Dataset excerpts:
◇ ◇ ◇ ◇ ◇ ◇ ◇
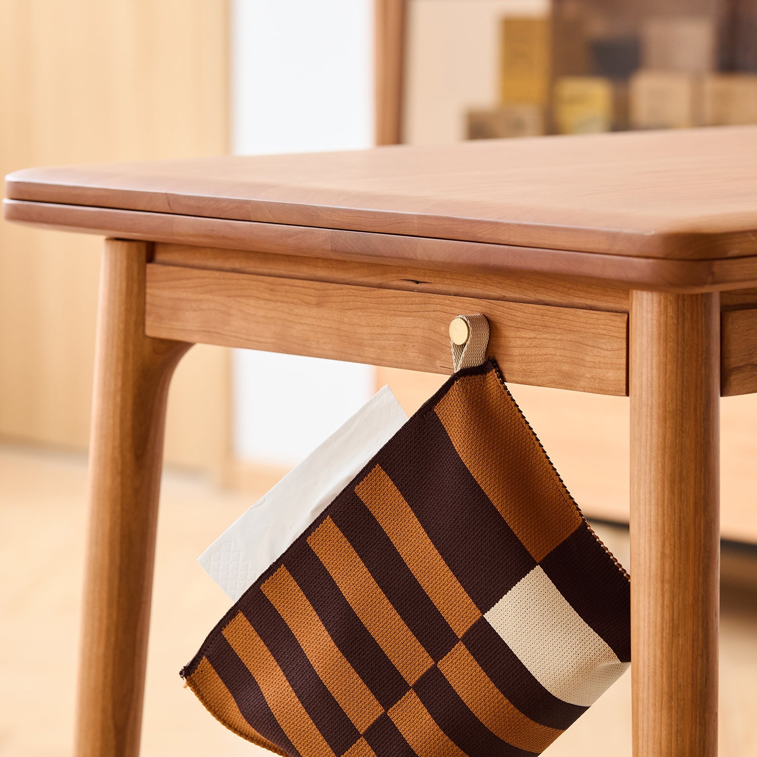 Scandinavian Cherry Wood Dining Table FOREST transforms your space with warm cherry wood elegance, sturdy craftsmanship, and clever folding design, perfect for every home.
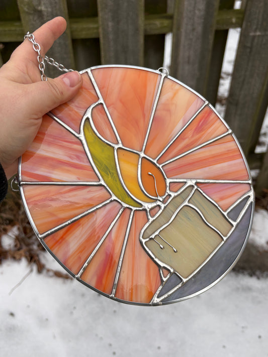 Candle's Glow Stained Glass Suncatcher
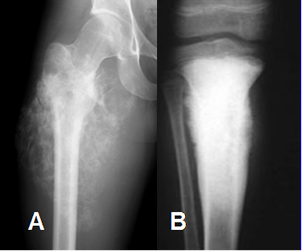 A y B: Rx AP. Calcificación osteoide de la matriz en patrón algodonoso y densa. (En marfíl).
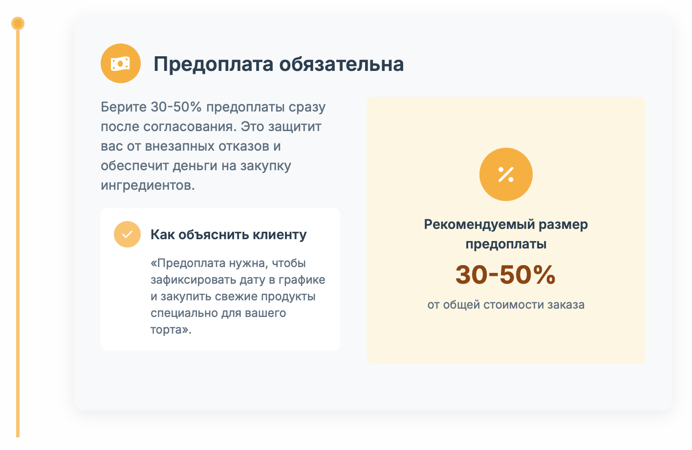 Объясняйте клиенту: «Предоплата нужна, чтобы зафиксировать дату в графике и закупить свежие продукты специально для вашего торта».
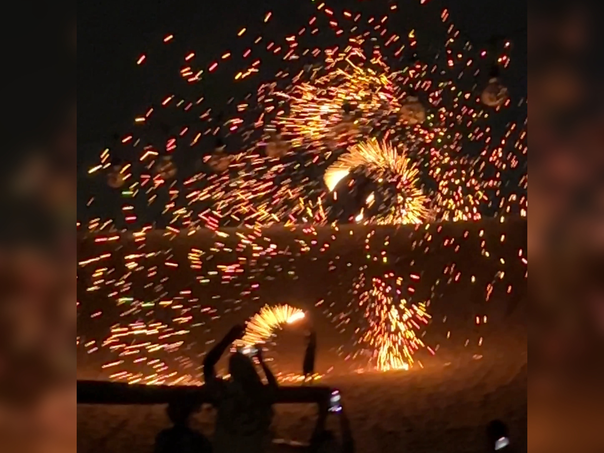 炎の形が変わるたびにみんな写真を撮ったり、歓声が上がっています。
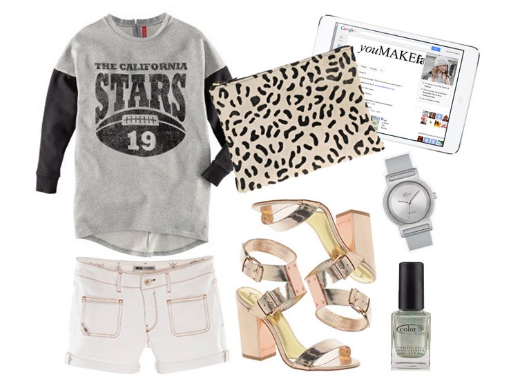 Top long H&M, short Diesel + Edun, pochette ASOS, sandales Ted Baker, montre Lacoste Live, vernis holographique Color Club
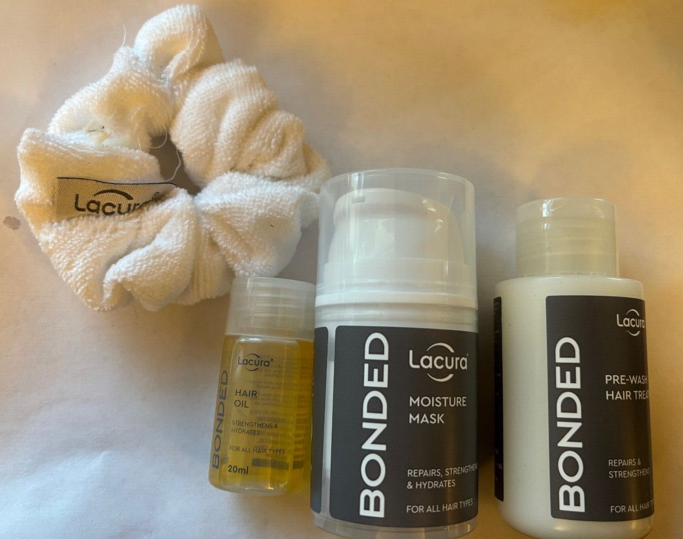 Lacura Bonded Set Pre-wash 100ml ,Moisture Mask Hair Oil 20ml, Scrunchie Olaplex
◇ ◇ ◇ ◇ ◇ ◇ ◇
- [Aim of the exercise]: Copy the records above exactly, from the first line through the line containing "炎の形が変わるたびにみんな写真を撮ったり、歓声が上がっています。", and leave out the pictures.

- [Response below]:
 Scandinavian Cherry Wood Dining Table FOREST transforms your space with warm cherry wood elegance, sturdy craftsmanship, and clever folding design, perfect for every home.
 Candle's Glow Stained Glass Suncatcher
 A y B: Rx AP. Calcificación osteoide de la matriz en patrón algodonoso y densa. (En marfíl).
 Объясняйте клиенту: «Предоплата нужна, чтобы зафиксировать дату в графике и закупить свежие продукты специально для вашего торта».
 炎の形が変わるたびにみんな写真を撮ったり、歓声が上がっています。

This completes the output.